1 Are you an early bird or night owl?

Night Owl

2 Are you pro- or anti-pun?

Anti-pun

3 Do you have any pets?

Yes! I have two cats (a fluffy calico named Squeaky and a tabby named Bluestem) and a rat named Ashla. I am really looking forward to adopting a dog when I start my next graduate program!

4 Do you have any science-themed home decor?

Yep! I love taking photos of the birds that I work with and the prairie I work on, and I print out my favorite ones on canvas and put them all over my house. I have a wall of bison art (I work on bison-grazed pastures) and some amazing bird art from Drawing 10,000 Birds and Bird Strips.

5 Do you prefer cooking or baking?

Baking

6 Do you prefer sweet or savory?

Savory

7 Do you speak any other languages?

I wish! My Spanish is still really shaky and I could never get my tongue around Klingon.

8 If you could switch professions, what would you do?

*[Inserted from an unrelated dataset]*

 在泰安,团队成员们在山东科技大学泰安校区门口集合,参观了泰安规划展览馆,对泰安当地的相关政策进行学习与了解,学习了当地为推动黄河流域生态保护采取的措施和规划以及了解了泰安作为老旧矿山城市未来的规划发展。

I would study history– I have an undergraduate degree in history (I studied the gendered portrayal of sanctity/holiness in the Dark Ages)

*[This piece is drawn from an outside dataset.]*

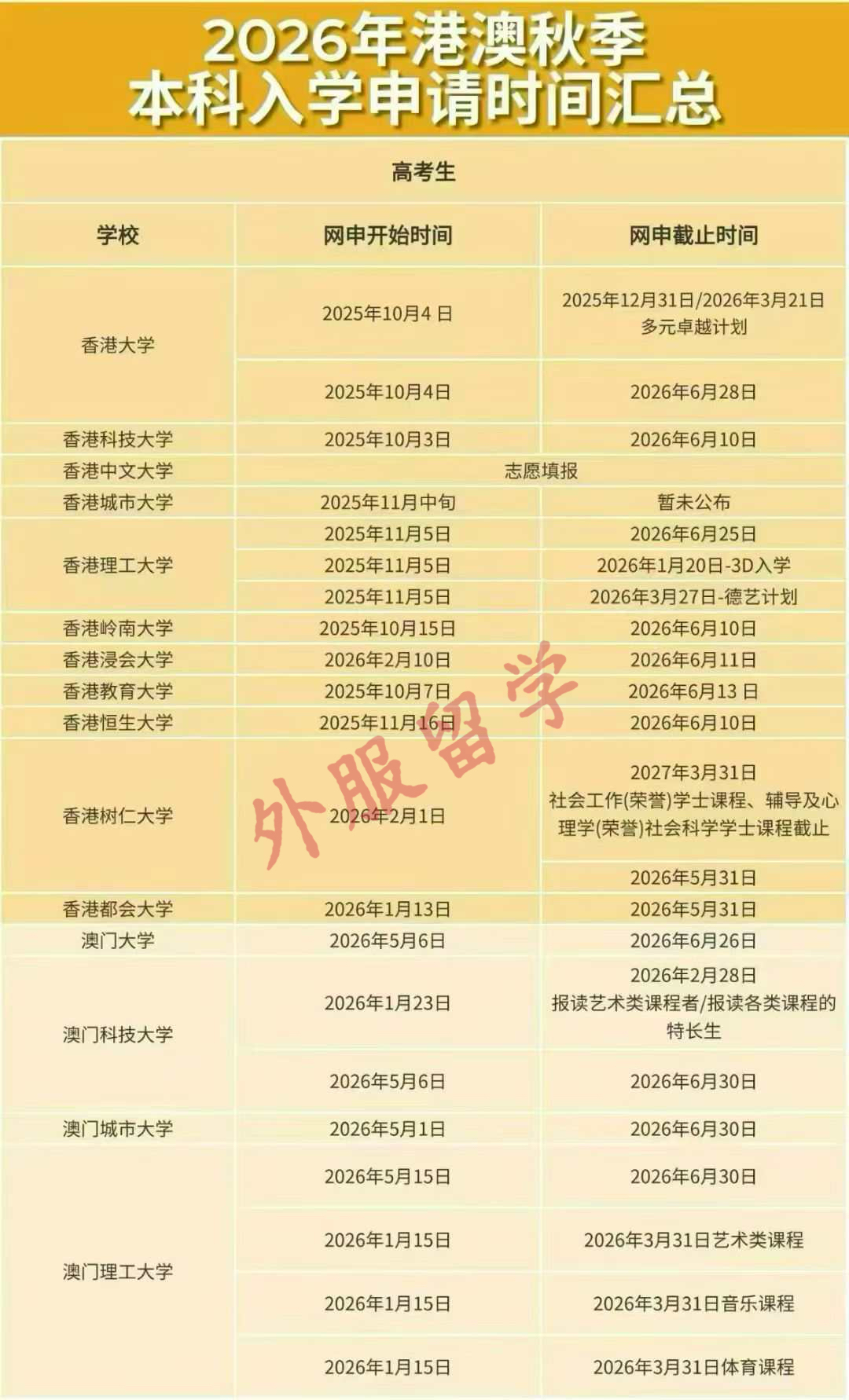01、澳门大学 高考生申请时间:2026年5月4日- 6月26日

9 If you could switch science fields, what field would you want to work in?

Geology! I love Earth processes and the concept of deep time.

10 If you got a plane ticket right now, where would it go?

Costa Rica! My labmate and friend Elsie Shogren (@e_shogren) studies dancing manakins (birds) in the rainforests of Costa Rica, and I have never had a chance to visit her while she is working there.

11 If you had one superpower, what would it be?

The ability to convince people to care about habitat conservation and social justice!

12 Is there anything you strongly recommend we watch and/or read and/or listen to?

I really enjoy birding/adventure books by Kenn Kaufman, whimsical happy shows like Brooklyn Nine-Nine and Parks and Recreation, obscure Star Wars novels, and fun movies with empowered women like Captain Marvel.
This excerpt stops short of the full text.